What are the qualifiers? I’m glad you asked. First, you need to purchase the minimum threshold to qualify. Don’t think you’re getting your tax back on a five-dollar item. And I hate to say, but it doesn’t apply to things such as hotel rooms and meals. The refund is only applicable to goods, not services. Next, you’ll need to show your passport or proof of foreign residency when you make your purchase. You will need need to apply for the refund within three months of purchase.
What is VAT in the first place? It’s the “value added tax” that residents of the EU pay on goods purchased.
Depending on the store, once you make a purchase, there are a couple different things that may happen. When I’ve purchased at small stores in France, for instance, they fill out the VAT paperwork for you, and then you receive the paper with a bar code (to be used when leaving the EU) and the receipt for the item. In larger stores (hello, Le Bon Marche), there’s often a VAT tax refund office where you bring all your purchases/receipts when finished shopping at the store, and they electronically fill in the forms for you. Again, you leave with the electronic forms and receipts.

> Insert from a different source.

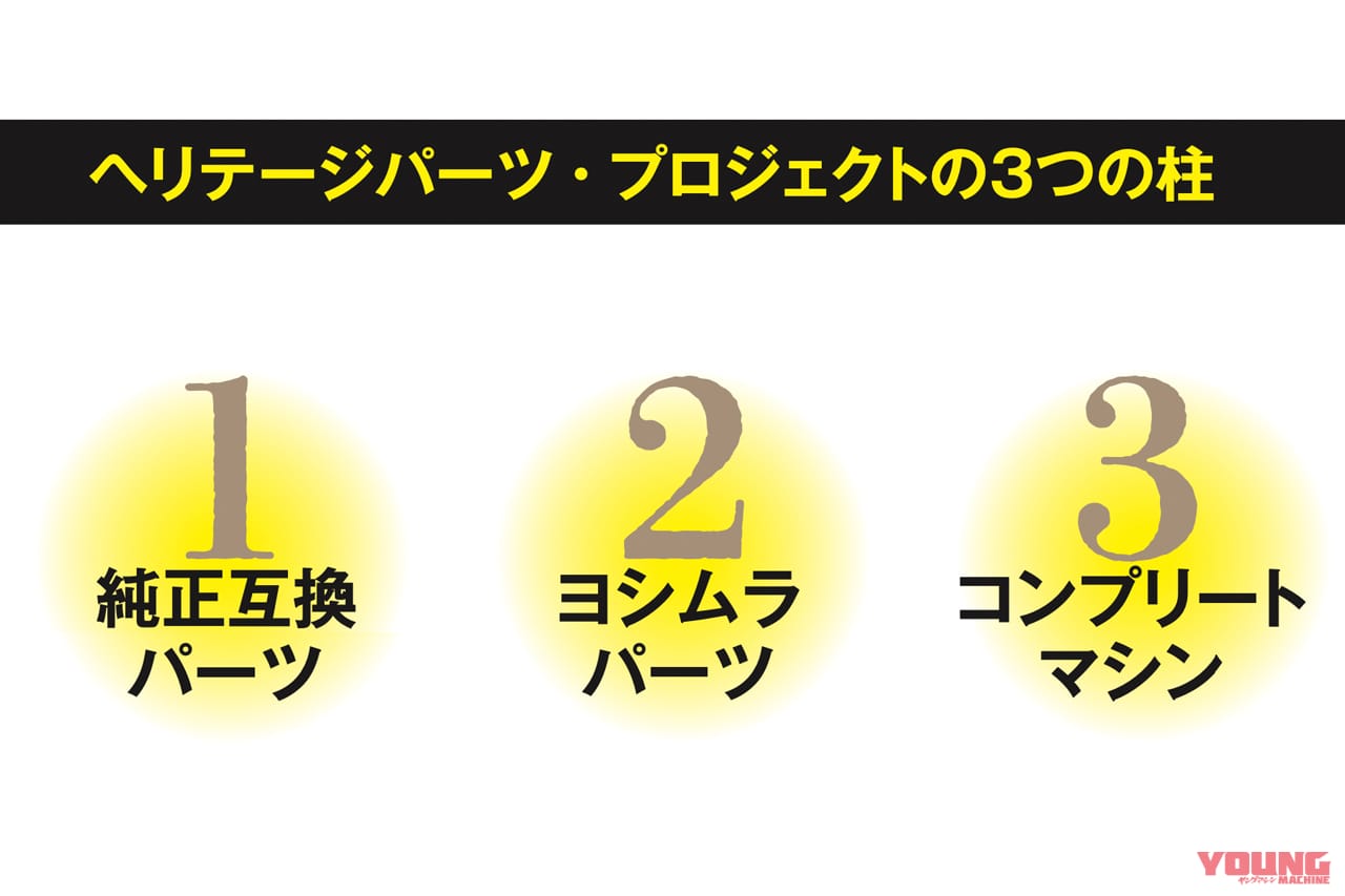 ヨシムラの「ヘリテージパーツプロジェクト」は3段構え。まずは廃盤となった純正部品をヨシムラが復刻/再生産する①の「純正互換パーツ」。レストア需要の高まりに対し、ユーザーの長期的な車両維持を支援する。そして②の「ヨシムラパーツ」では、マフラー/エンジン/シャーシパーツなど車種別設計のヨシムラ製パーツを拡充し、ユーザーの「愛車をもっと楽しく走らせたい」という想いをサポート。 それらを活かしつつ社外のカスタムパーツも併用し、ヨシムラの手でコンプリートカスタムされたマシンが③となる。

In both cases, you’re left with envelopes of information and forms that will need to be presented at the airport or train station before leaving the EU. It’s fine if you visit numerous countries on your visit. You can buy a necklace in Copenhagen, a blouse in France, and a bag in Germany. It’ll all be taken care of at the same time. Bottom line is that you visit customs at the airport or train station as you’re getting ready to leave the EU.

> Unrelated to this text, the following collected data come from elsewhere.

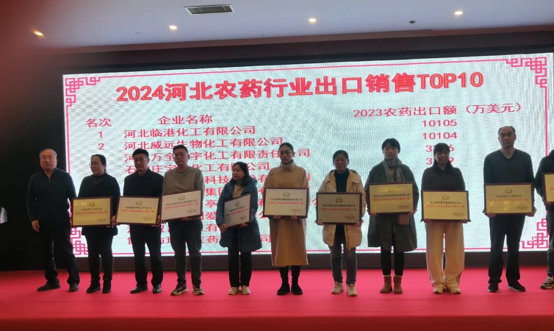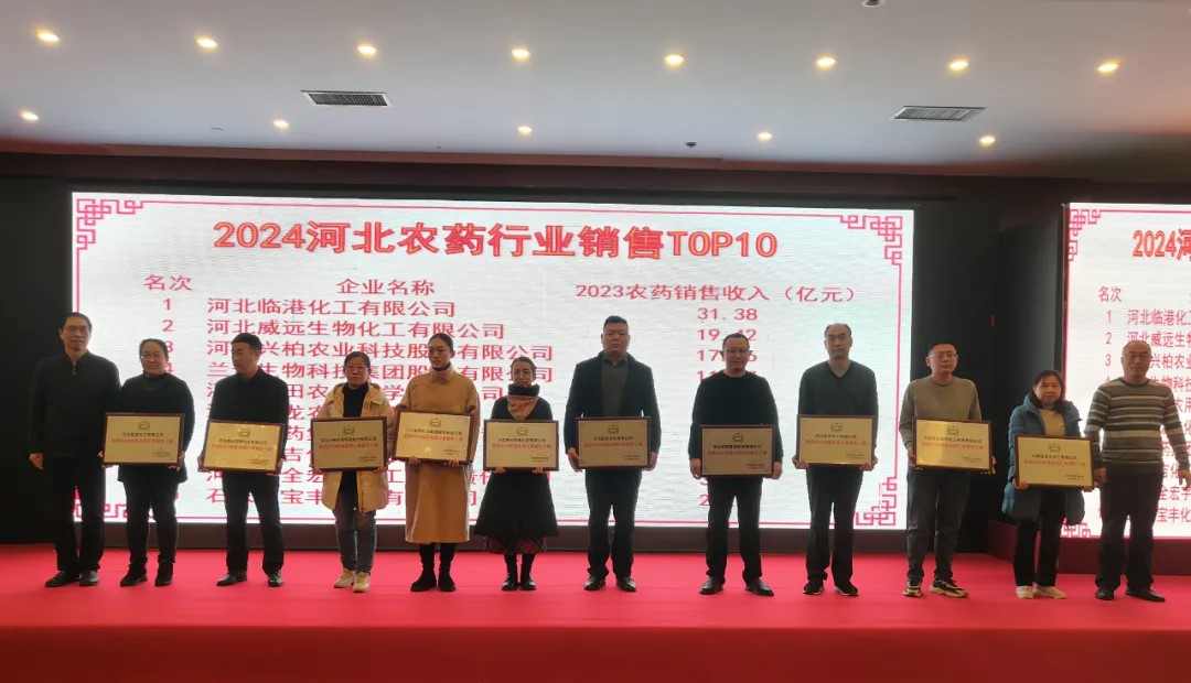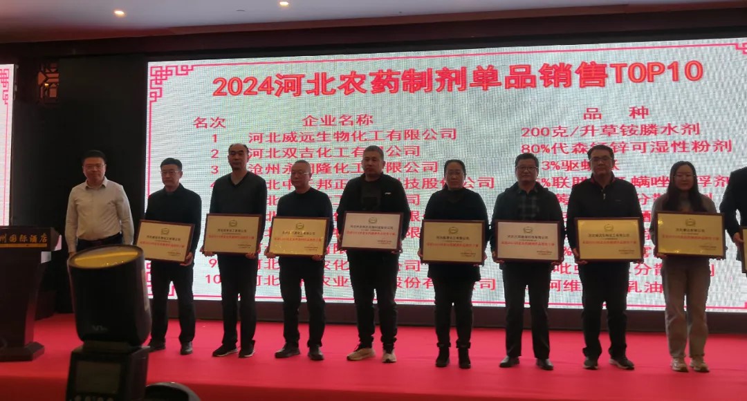 大會(huì)發(fā)布了“2024河北農(nóng)藥銷售收入TOP10、2024河北農(nóng)藥出口銷售收入TOP10、2024河北農(nóng)藥制劑單品銷售TOP10等榜單,利民股份子公司威遠(yuǎn)生化、雙吉化工分別榮獲河北農(nóng)藥銷售收入、出口銷售十強(qiáng)企業(yè)榮譽(yù)。利民股份產(chǎn)品200克/升草銨膦水劑、80%代森錳鋅可濕性粉劑、1.8%阿維菌素乳油分別榮獲河北省制劑單品銷售十強(qiáng)榮譽(yù)稱號(hào)。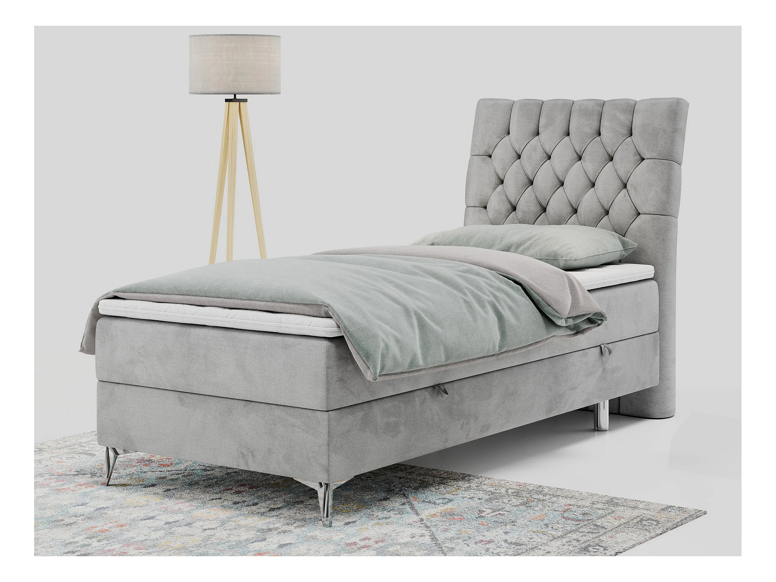 Boxspringbett MILEN - Polsterbett auf Metallbeine, Set mit Multipocket-Matratze, Gesteppte Kopfstütze - 90x200 cm - H4 - Hellgrau Velvet - Rechts Seite
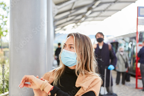 Pendlerin mit Mundschutz wegen Covid-19 wartet auf Bus

The day of your flight (or train journey), I recommend getting to the airport/station at least an extra hour early to take care of the customs/VAT refund process, especially if you’re at one of the big hubs like Charles de Gaulle. I highly recommend visiting the tax refund office before you check into your flight and check your bags. You will need to have ALL of your purchased merchandise with you, as well as your completed forms. Please be organized, both for the benefit of the customs agent and for all the people waiting in line after you who are worried they’ll miss their flights.
I highly recommend visiting the tax refund office before you check into your flight and check your bags.

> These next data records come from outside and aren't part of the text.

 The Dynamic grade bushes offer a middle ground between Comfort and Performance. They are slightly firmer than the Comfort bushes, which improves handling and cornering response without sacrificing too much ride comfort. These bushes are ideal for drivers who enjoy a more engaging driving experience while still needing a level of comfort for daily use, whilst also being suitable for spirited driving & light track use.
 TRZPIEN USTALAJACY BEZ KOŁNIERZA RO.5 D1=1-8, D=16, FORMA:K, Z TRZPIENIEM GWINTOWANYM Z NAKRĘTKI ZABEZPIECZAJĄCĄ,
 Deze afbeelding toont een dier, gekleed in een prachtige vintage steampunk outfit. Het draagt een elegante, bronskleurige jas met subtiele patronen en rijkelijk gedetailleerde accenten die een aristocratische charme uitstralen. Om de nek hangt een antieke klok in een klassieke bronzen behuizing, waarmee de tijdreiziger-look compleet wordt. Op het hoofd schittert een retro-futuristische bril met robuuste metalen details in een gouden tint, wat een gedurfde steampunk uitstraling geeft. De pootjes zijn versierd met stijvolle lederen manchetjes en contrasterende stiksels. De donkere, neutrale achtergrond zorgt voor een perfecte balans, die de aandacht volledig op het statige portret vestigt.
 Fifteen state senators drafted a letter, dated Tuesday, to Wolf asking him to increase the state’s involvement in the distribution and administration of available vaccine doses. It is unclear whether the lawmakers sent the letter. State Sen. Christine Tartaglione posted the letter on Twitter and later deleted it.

The customs agent will go through all the paperwork, stamp forms where necessary, and scan others. In some cases, you can take care of the whole process at an electronic kiosk. I notice more and more stores are filling in the forms electronically, which is fabulous – gotta love tech! In fact, on my latest trip I took the Eurostar train from Paris to London. Since England is no longer part of the EU, I had to take care of all my VAT refunds at the train station in Paris. I was able to use the electronic kiosk for all my refunds, and I didn’t even have to deal with an actual agent. So cool!
Agents may ask to see the merchandise, so be prepared for that. Again, DO NOT check luggage with these items before going through the customs process.
You can opt to get the refund in cash or back to the credit card of purchase. Personally, I always opt for a credit card refund. It’s quite wonderful to return from a trip and a few days later, see these refunds appear on your credit card statement. Yay!